While the function-based approach is a powerful tool for exploring the use of dsRNA with tumor-suppressive effects, including TS-miRNA and siRNA, as therapeutic agents for cancers, the tumor-suppressive functions of miRNA eventually identified in our studies have been reexamined using two or three kinds of dsRNA purchased from independent companies to take into consideration the off-target effects associated with dsRNA.[23, 24] Although such effects have been known to complicate the interpretation of phenotypic effects in gene-silencing experiments using siRNA, dsRNA mimicking miRNA might potentially cause these unwanted actions, similar to siRNA. These unpredictable target-independent effects should be addressed during data interpretation in all dsRNA-based studies related to functional genomics, drug target discovery and dsRNA-therapeutics. In addition, these dsRNA have mainly been used at 1.0–50.0 nM in dsRNA-based studies, and overexpression above their physiological concentrations might lead to toxic effects in normal cells with an accumulation of these exogenous dsRNA. In contrast, although atelocollagen[24, 64] or lipid-based delivery agents[65, 66] have been used for in vivo dsRNA delivery, these systems are inadequate for clinical applications to fully restore downregulated miRNA in cancer cells. Therefore, the development of solutions attenuating the nonspecific off-target effects associated with dsRNA mimicking TS-miRNA and the advancement of dsRNA-delivery technology may yield a new field of miRNA-based cancer therapy.

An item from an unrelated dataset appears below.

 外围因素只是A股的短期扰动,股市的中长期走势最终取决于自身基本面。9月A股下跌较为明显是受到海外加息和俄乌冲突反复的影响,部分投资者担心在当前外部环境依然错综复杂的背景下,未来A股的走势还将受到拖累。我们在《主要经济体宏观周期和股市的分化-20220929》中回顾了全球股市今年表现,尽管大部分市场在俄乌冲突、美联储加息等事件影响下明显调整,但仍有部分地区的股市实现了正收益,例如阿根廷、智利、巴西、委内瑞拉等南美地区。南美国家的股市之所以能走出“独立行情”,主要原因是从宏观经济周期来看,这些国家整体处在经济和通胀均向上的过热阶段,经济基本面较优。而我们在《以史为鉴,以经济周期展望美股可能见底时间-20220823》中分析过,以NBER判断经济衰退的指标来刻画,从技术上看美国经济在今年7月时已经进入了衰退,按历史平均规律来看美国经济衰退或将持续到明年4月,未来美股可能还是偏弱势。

In this review, we focused on genomic distances between intergenic TS-miRNA genes or protein-coding host genes harboring intragenic miRNA genes and their related CpG islands, and illustrated how the tumor-specific DNA hypermethylation of CpG islands located immediately 5′-upstream of intergenic miRNA genes and host genes, as well as classical protein-encoding TSG, might be a useful epigenetic marker for exploration of TS-miRNA, cancer diagnosis and prognosis. Moreover, we also discussed the potential of miRNA replacement therapy for cancers using dsRNA mimicking TS-miRNA silenced epigenetically in cancer cells. Further studies of molecular mechanisms of TS-miRNA and significant advancement of dsRNA-delivery technology are essential for the actualization of TS-miRNA replacement therapy for several types of cancers.

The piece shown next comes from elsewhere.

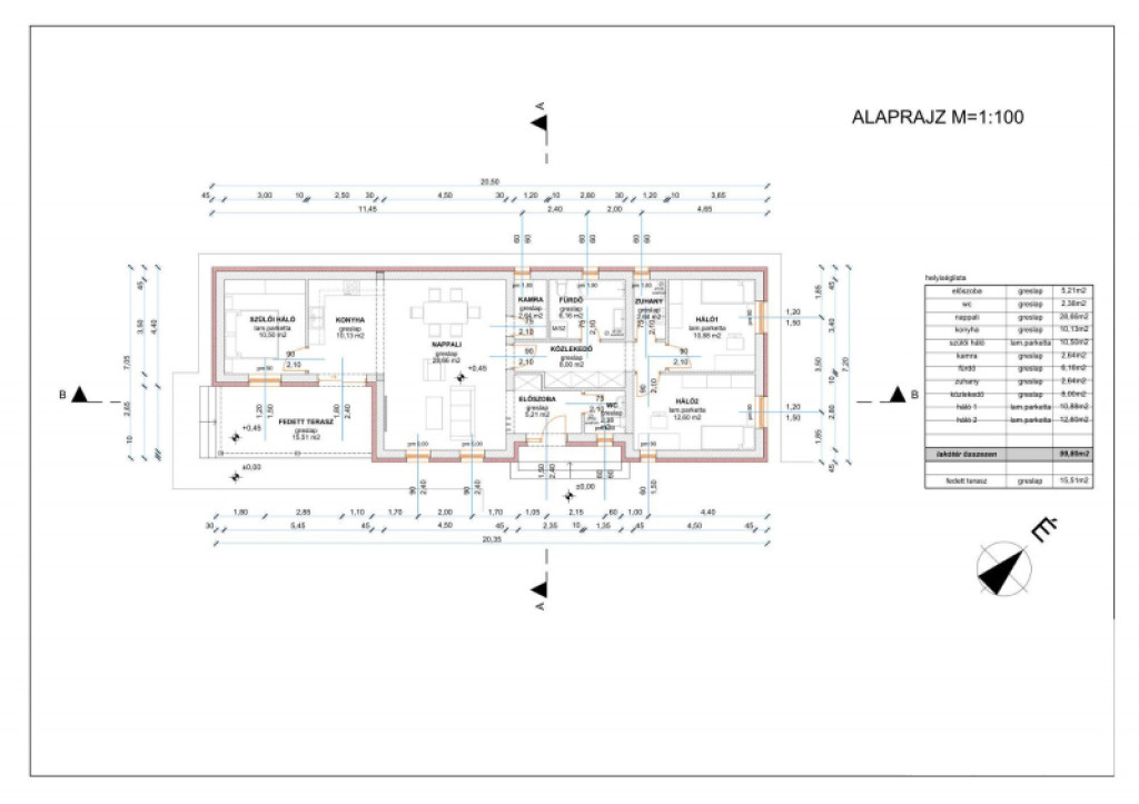 Lakóterület: nettó 100 m²

Our studies were supported in part by a Grant-in-Aid for Scientific Research (A), (B) and (C) and for Scientific Research on Priority Areas and Innovative Areas, and by the Global Center of Excellence Program for International Research Center for Molecular Science in Tooth and Bone Diseases of the Ministry of Education, Culture, Sports, Science, and Technology, Japan, as well as by a Health and Labour Sciences Research Grant by the Ministry of Health, Labour and Welfare, Japan.
The authors declare no financial or commercial conflicts of interest.